Post by Richard K. Herz » Tue Dec 08, 2015 5:32 pm

I am interested in what affects LC web app download speeds. I am located in San Diego, California, US and have my files posted on the On-Rev server, which is in Scotland, I think (10 time zones away). In San Diego, I can test from several places: (1) desktop on a fast wired connection at my university, (2) laptop at home on AT&T home consumer network connection paying for middle of 6 levels of throttling, and (3) virtual machine at my university viewed by laptop at home.

The fastest download and open speed I have seen is about 40 seconds or so, and that can be obtained in morning my time on all three connections. The slowest download and open speed I have seen is over 3 minutes, which is in evening my time at home from laptop on home consumer network connection. At that time, download speeds to virtual machine at university are about the same as earlier in the day.

Tests at http://www.speedtest.net show that download speeds slow down with distance between client and server. Round-trip ping times increase almost linearly with distance. There are other factors including differences between servers in one city. Download speed tests using http://www.speedtest.net to download from a server in Aberdeen, Scotland to client in San Diego are about the same as earlier in the day (5 Mbps) and at all three of my test clients. Presumably those tests use small files.

One hypothesis is that the slowdown in the evening to my home is due to "last mile" bottle neck (or deliberate throttling?) of large files to my home, since other speeds don't change significantly. That's my problem, not a general one.

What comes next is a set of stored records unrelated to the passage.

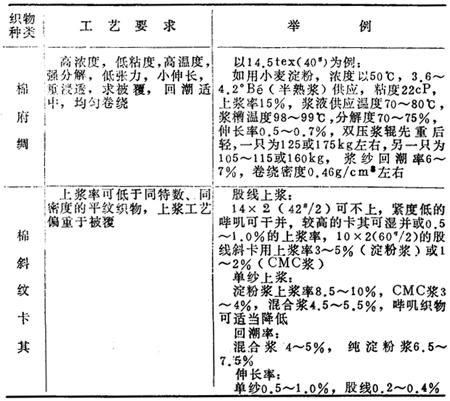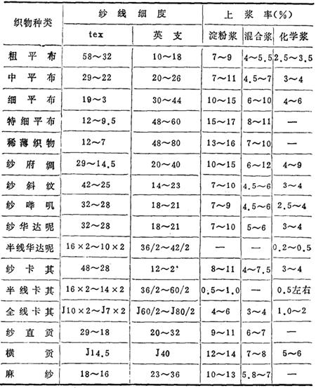 主要棉织物在使用不同浆料时的上浆率参考范围见表18-179。 表18-179 各种棉织物使用不同浆料上浆率参考范围
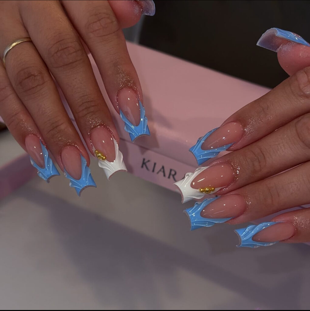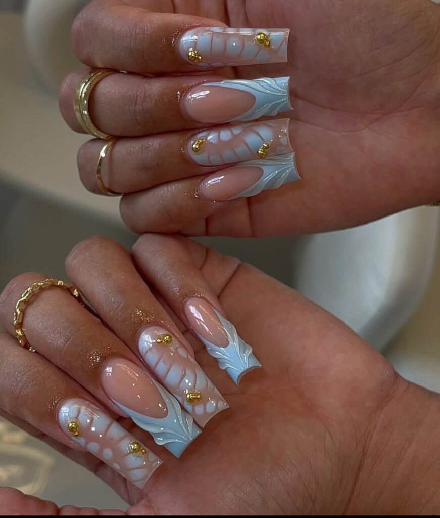These nails combine a nude base with 3D pale blue textures, intricate white detailing, and gold bead accents. The result? A luxurious French tip twist that looks expensive.
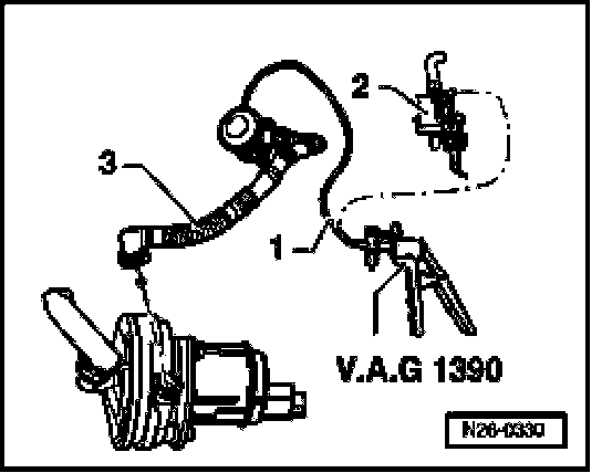 - Disconnect vacuum hose -1- at Secondary Air Injection (AIR) Solenoid Valve -N112- -2-.

Forgetting that problem, the fastest speeds - about 40 seconds or so - from Scotland to 10 time zones away is too slow to keep a user at the web site, I think. Unless other techniques can be used (CDN, segmenting engine, or entertaining user in some manner), it may be necessary to host files geographically close to users. When users are all over the globe, that would require multiple hosting sites and a method to direct users, or the browser, to the closest host.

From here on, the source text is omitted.